As shown in Fig. 12, three wall-like restricted members 101, 102, and 103 are formed on the back surface of the top plate portion 105. On the back surface of the top plate portion 105, the restricted member 101 is located on the Y1 direction side of the end in the X1 direction, the restricted member 102 is located at the end in the Y2 direction along the inner wall of the knob 10, and the restricted member 103 is located on the Y1 direction side of the end in the X2 direction. A region 1061 is formed by the restricted member 101 and the restricted member 102, and a region 1062 is formed by the restricted member 102 and the restricted member 103.
Fig. 13 is an enlarged perspective view showing part of the panel 12. As shown in Fig. 13, the panel 12 has a through-hole 121, and restricting members 1221 and 1222 are provided on both sides in the X direction of the through-hole 121. The restricting members 1221 and 1222 are members protruding in the Z2 direction, and have a substantially T-shaped contour as viewed from the Z direction. The tips of the T-shaped restricting members 1221 and 1222 face outward in the X direction. Although not shown, the shaft portion 161 of the first slider 16 is unrotatably fixed to the cylindrical portion 104 of the knob 10 in the through-hole 121 of the panel 12.
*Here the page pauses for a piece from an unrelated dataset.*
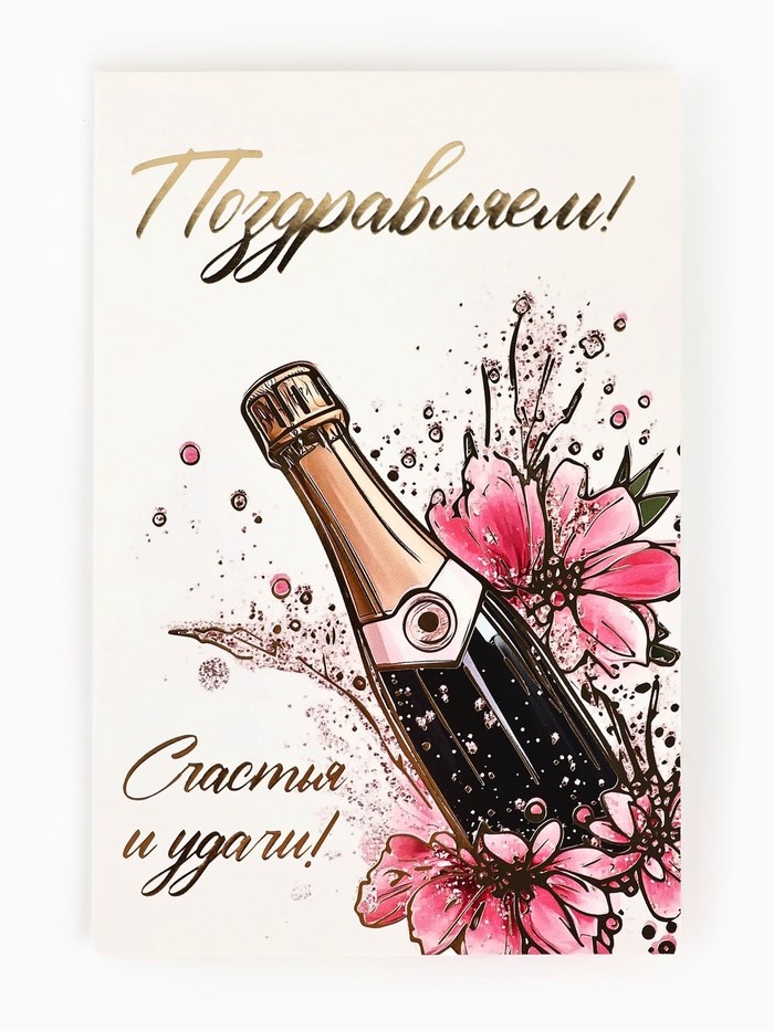 Открытка «С днём рождения», тиснение, 12*18см, шапманское

With reference to Fig. 14 to Fig. 17, the operation will be described in which the range of movement of the knob 10 is restricted by the restricted members 101, 102, and 103 on the back surface of the knob 10 and the restricting members 1221 and 1222 of the panel 12.
Fig. 14 schematically shows the back surface of the knob 10 when the knob 10 is in its home position. As shown in Fig. 14, when the knob 10 is in its home position, the restricting members 1221 and 1222 of the panel 12 are located substantially in the centers of the regions 1061 and 1062.
Fig. 15 schematically shows the back surface of the knob 10 when the knob 10 is slid in the X direction. As shown in Fig. 15, when the knob 10 is slid in the X1 direction, the restricting members 1221 and 1222 relatively move in the X2 direction (restricting members 1221A and 1222A). At this time, the end in the X2 direction of the substantially T-shaped restricting member 1222A is fitted in a U-shaped region formed by the restricted members 102 and 103, and as a result, the movement of the knob 10 in the X1 direction is limited. Parts of the restricted members 101 and 102 are located on both sides in the Y direction of the restricting member 1221A. Therefore, in this state, the knob 10 cannot be slid in the Y direction, and cannot be rotated.
Similarly, as shown in Fig. 15, when the knob 10 is slid in the X2 direction, the restricting members 1221 and 1222 relatively move in the X1 direction (restricting members 1221B and 1222B). At this time, the end in the X1 direction of the substantially T-shaped restricting member 1221B is fitted in a U-shaped region formed by the restricted members 101 and 102, and as a result, the movement of the knob 10 in the X2 direction is limited. Parts of the restricted members 101 and 103 are located on both sides in the Y direction of the restricting member 1222B. Therefore, in this state, the knob 10 cannot be slid in the Y direction, and cannot be rotated.
Fig. 16 schematically shows the back surface of the knob 10 when the knob 10 is slid in the Y direction. As shown in Fig. 16, when the knob 10 is slid in the Y1 direction, the restricting members 1221 and 1222 relatively move in the Y2 direction (restricting members 1221C and 1222C). At this time, the ends in the Y2 direction of the restricting members 1221C and 1222C come into contact with the restricted member 102. As a result, the movement of the knob 10 in the Y1 direction is limited.
Similarly, as shown in Fig. 16, when the knob 10 is slid in the Y2 direction, the restricting members 1221 and 1222 relatively move in the Y1 direction (restricting members 1221D and 1222D). At this time, the ends in the Y1 direction of the restricting members 1221D and 1222D come into contact with the restricted members 101 and 103. As a result, the movement of the knob 10 in the Y2 direction is limited.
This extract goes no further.